Entertainment·Audio

Victor Garber heads to screen as Ken Taylor

Canadian actor Victor Garber makes his next foray onto the big screen as Ken Taylor, the Canadian diplomat who sheltered six Americans during the 1979 Iranian hostage crisis.
Victor Garber's next screen role is as Canadian diplomat and hero Ken Taylor. (Associated Press)

Canadian actor Victor Garber makes his next foray onto the big screen as Ken Taylor, the Canadian diplomat who sheltered six Americans during the 1979 Iranian hostage crisis.

Like many of the London, Ont.-born actor’s roles, it’s not a lead, but an important part of the ensemble cast of the Ben Affleck-directed film Argo, scheduled to screen at the Toronto International Film Festival.  

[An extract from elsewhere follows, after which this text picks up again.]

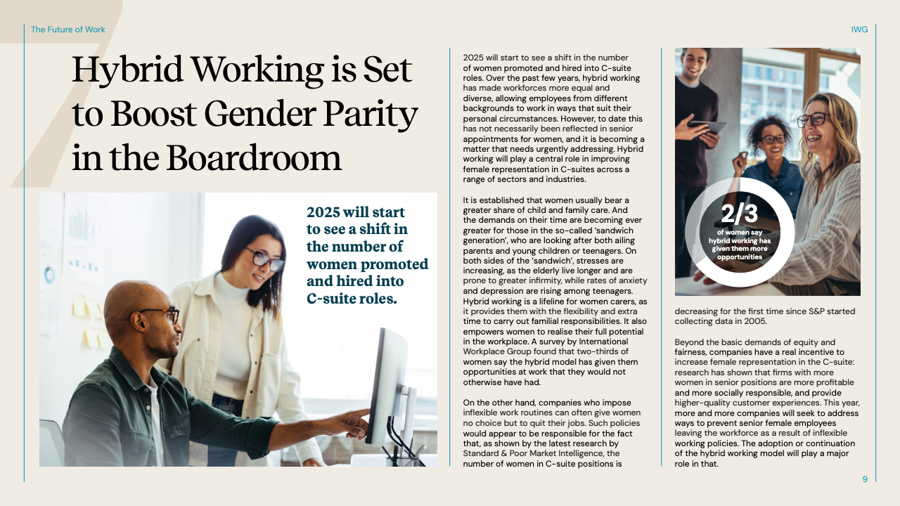 混合办公模式有助于实现C-Suite(高管层)的性别平衡。 IWG调研发现,三分之二的女性认为混合模式带来原本难以获得的职场机会。 僵化坐班政策正导致C-Suite女性占比首次下滑。

"I play Ken Taylor, who is a hero and a remarkable man and still with us, and I hope to meet him someday," Garber said in an interview with Jian Ghomeshi, host of CBC’s Q cultural affairs show.

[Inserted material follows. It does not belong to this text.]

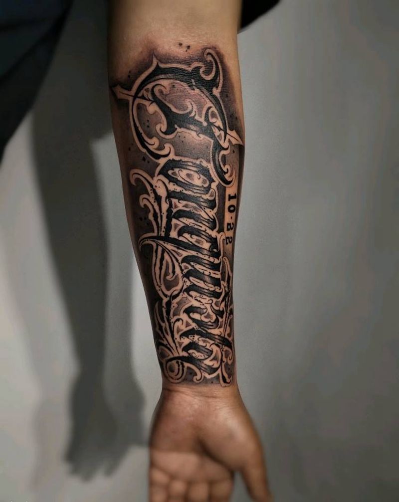 当前位置: 首页 >陕西省宝鸡市纹身店-暴走刺青纹身图案>奇卡诺花体纹身图片_手臂花体字纹身图案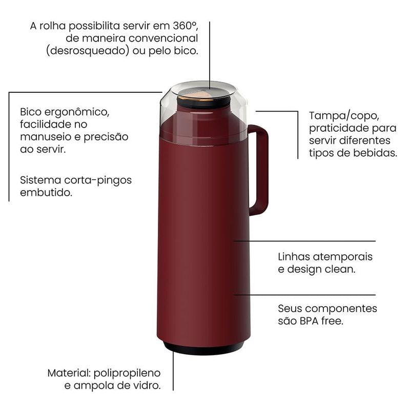 Garrafa Térmica Tramontina Exata em Polipropileno Vinho 1 L REF: 236680_Sicredi

He calls the story of Argo "crazy and captivating" but admits the movie version of the mission to get the six Americans out of Iran is partly fictionalized.

Garber talked to Q about his early career as a singer with folk band Sugar Shoppe, his first acting gig as Jesus in the legendary 1970s musical Godspell in Toronto and what he looks for when he takes a role.

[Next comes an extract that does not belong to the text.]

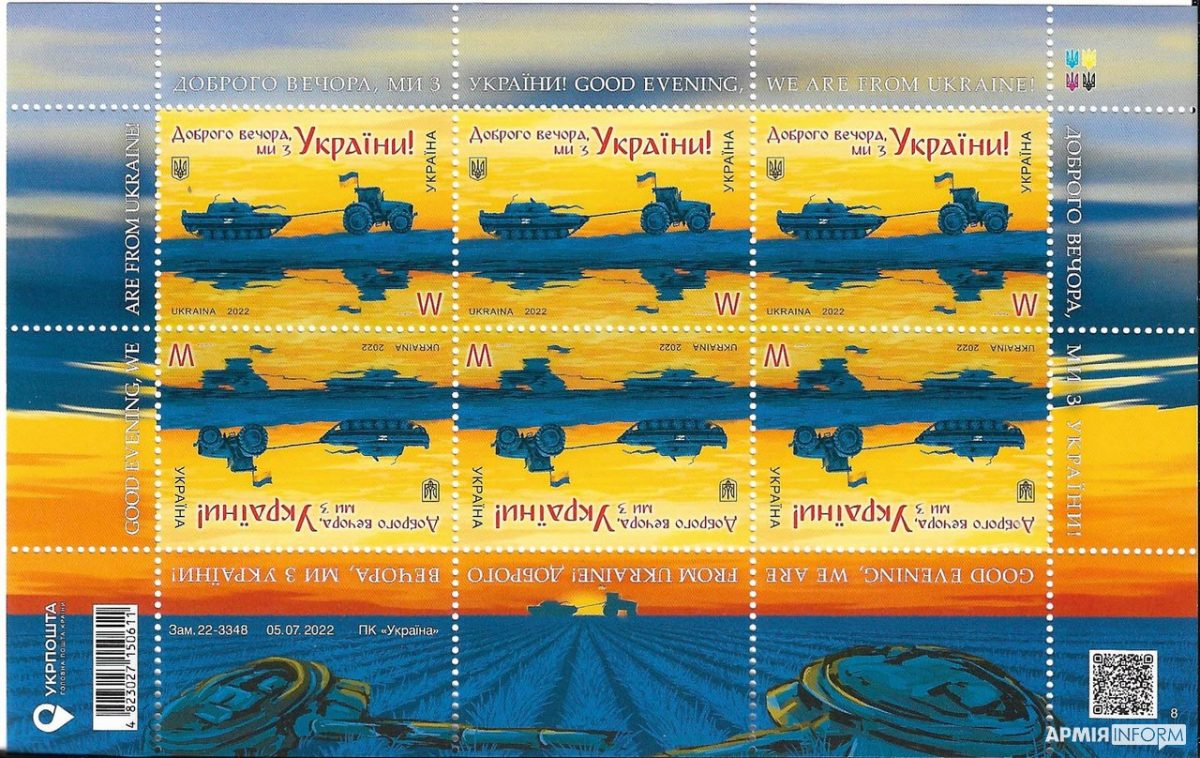 У рамках урочистостей також відбулося погашення поштової марки «Доброго вечора, ми з України», яка вийшла тиражем у 5 мільйонів штук. На ній зображено символ спротиву і єдності української нації у боротьбі з загарбником — трактор з українським прапором, який буксирує підбитий рашистський танк.

Garber says his first love is theatre and his long career on the stage has seen him nominated for a Tony Award four times. On TV, he is most associated with his role as a spy and father on Alias, though he also had Emmy nominations for Frasier and Will and Grace.

He says he’s never had a role that catapulted him to stardom, but his turn as the ship’s designer Thomas Andrews, who awaits what he knows is the inevitable sinking with an admirable calm in Titanic, got him a lot of notice. Titanic returned to screens earlier this year in 3D.